Допустим, Булгаков доехал до Батума, не было той телеграммы, никто не догнал его в Туле, не остановили, все прошло благополучно, и пьесу о молодом Сталине поставили во МХАТе, и дальше все как полагается, Сталинская премия, переделкинская дача, кремлевская больница, дружба с Фадеевым, война и эвакуация, антифашистская (антинемецкая, конечно) публицистика, потом несколько лет послевоенного молчания, а, скажем, в пятьдесят девятом — чуть переработанное «Собачье сердце» в «Новом мире». Равнодушие критики и распространяемое в списках стихотворение Евтушенко о том, как сверх меры благополучный писатель первой военной зимой в Чистополе купил на базаре целую бочку меда, за которой стояла очередь несчастных со стаканчиками и баночками.

Неумершего Булгакова не любили бы, конечно. И давняя пьеса о Сталине, и даже «Дни Турбиных», со Сталиным же ассоциирующиеся (да и не только с ним — старый замшелый МХАТ, а в моде-то «Современник»), и переделкинское помещичье благополучие, и байки вроде той про мед — ну какая тут может быть любовь. Эренбург, или, скажем, Катаев, или Чуковский нашли себя в новом времени, покровительствовали прогрессивной молодежи, дружили. Да даже и Пастернак покровительствовал. А семидесятилетнего Булгакова в компании Вознесенского или Евтушенко представить невозможно, вечно запертые ворота дачи и злая собака. И только самый ближний круг, какие-нибудь еще довоенных времен друзья знали бы, что старик не пьет, как о нем говорят соседи, а, запершись в кабинете, каждый день продолжает доделывать начатый в конце двадцатых роман. Молодой Кожинов, зять одиозного Ермилова, по слухам, видел первую главу — там что-то про сатану и про Понтия Пилата, очень сложное произведение, очень талантливо. Но Кожинову веры нет — слишком лоялен к «своим» (прогрессивные, конечно, тоже лояльны, но у них свои совсем другие). Романа ждали в шестьдесят шестом, новый журнал «Москва» хотел бы выстрелить чем-то необычным, но автор так и не отдал рукопись, и были даже слухи, что болгарская прорицательница Ванга, когда он отдыхал в Бургасе, сказала ему, что он будет жить, пока не закончит эту книгу, и он прикинул — лет двадцать еще пожил бы, — и решил еще раз переписать, потом еще раз.
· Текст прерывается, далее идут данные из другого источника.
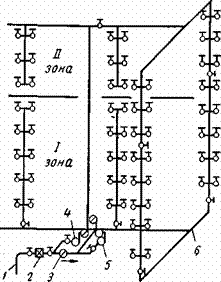 Рис. 5. Схема зонального водоснабжения: 1 — ввод, 2 — водомер, 3 — обратный клапан, 4 — хозяйственный насос, 5 — пожарный насос, 6 — нижняя магистраль

«Мастер и Маргарита» выйдет только в начале девяностых у Куняева в «Нашем современнике», спецвыпуском журнала с отзывами Бондарева и Распутина на задней обложке. Бондаренко в «Дне» напишет рецензию, и еще в телепередаче «Времечко» ведущий-юморист скажет, что вот такой, знаете ли, курьез — все думали, автор «Дней Турбиных» давно умер, а у него новая книга вышла, какая-то непонятная, дурацкая, но новая, ого. Булгаков успеет подержать журнал в руках, дать два автографа — тому же Куняеву и Кожинову, ну и умрет, чуть не дожив до своего столетия. Времена уже смутные, похороны скромные, Ленинские и Сталинские премии скорее в минус. Только лет через двадцать какие-то литературные хулиганы, не столько всерьез, сколько оригинальности ради, станут хвалить забытого гения — Быков напишет статью, Прилепин — книгу в серии ЖЗЛ, а опытные филологи в фейсбуке будут иронизировать — Булгаков, ха, они бы еще Федина вспомнили.
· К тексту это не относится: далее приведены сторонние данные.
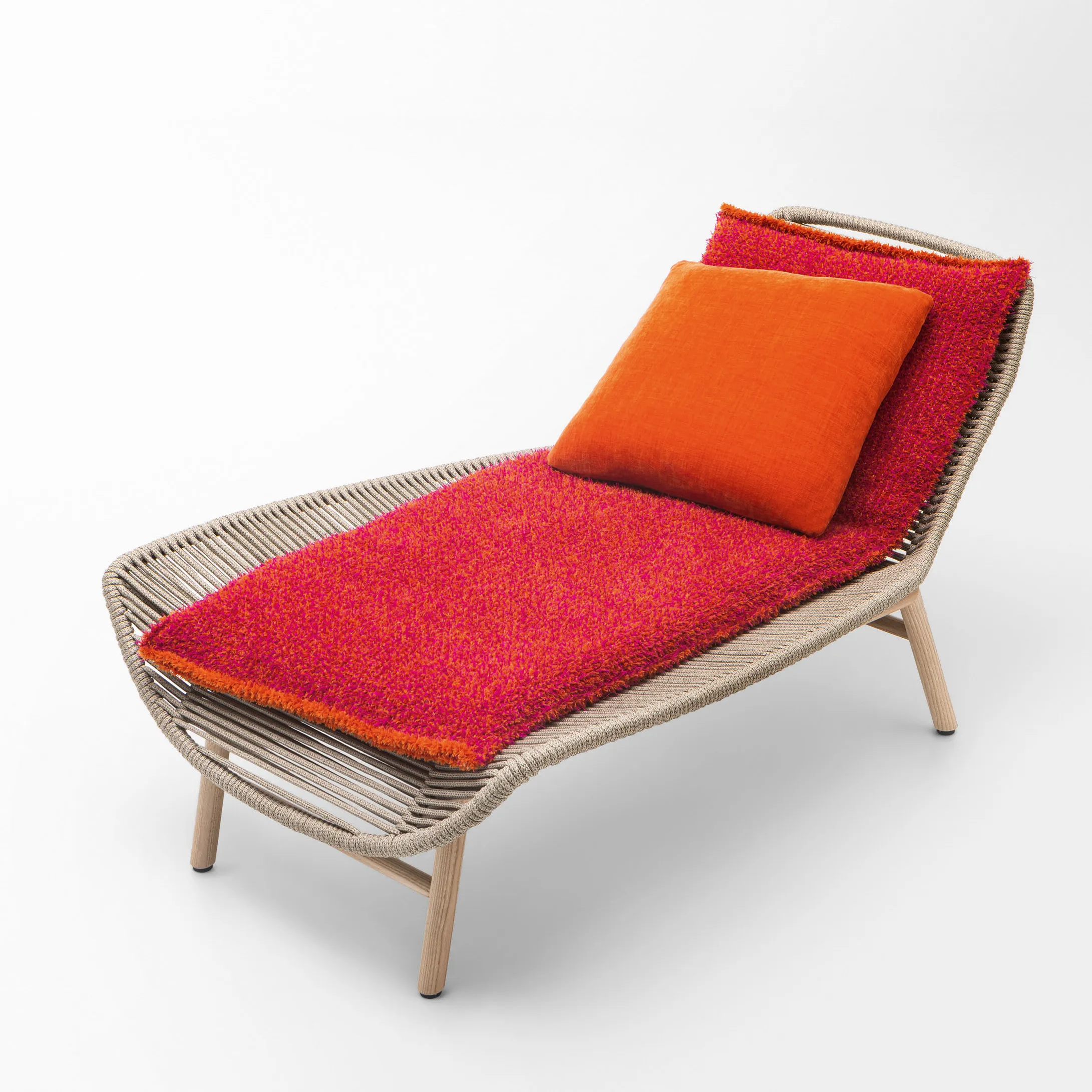 This distinctive chaise longue features a luxurious fur-like throw that partially covers the webbing structure, creating a fascinating dialogue between form and textile. “We thought it interesting to translate the expression of a tufted carpet into a chair, both for the comfort it provides and for the added material richness,” explains the studio.

Не бог весть какая фантазия, но именно так бы все и было, и иначе и быть не могло. Не умри Булгаков накануне войны, останься он в силовом поле советской литературы — вот буквально в этом же, им воспетом и пригвожденном массолитовском гадюшнике, — не было бы у него шансов на признание сверх официальных премий и президиумов. Это же касается и Платонова, и Добычина, любого гения двадцатых годов, останься они в советском мире живых, время и среда съели бы, пережевали, переварили. Судьба Леонида Леонова — она именно об этом.

Ахматова и Пастернак стоят чуть особняком (двумя очень разными особняками), но принцип ясен — любой русский гений, помещенный в сталинское, да и послесталинское пространство, гением быть если не перестает вообще, то, по крайней мере, сильно бледнеет, с одинаковой силой затаптываемый и властью, и средой. Культура фиги в кармане выработается сильно позже, ну и, откровенно говоря, какой бы ни была фига в двадцать девятом или тридцать седьмом году — только кровью (неважно — вытекшей из затылка или выхарканной из легких) ты мог смыть позор соучастия, потому что когда государство убивает народ, даже неактивное, даже аполитичное благополучие под покровительством этого государства отделяет тебя от народа, и твой спецпаек — нет большой разницы, чем он заработан, синим околышем или лояльным пером. Грех соучастия — очевиден, понятен и пожалуй что несмываем, но это несправедливая несмываемость, потому что если мы признаем гением только того, кого убили, — это с нами что-то не так.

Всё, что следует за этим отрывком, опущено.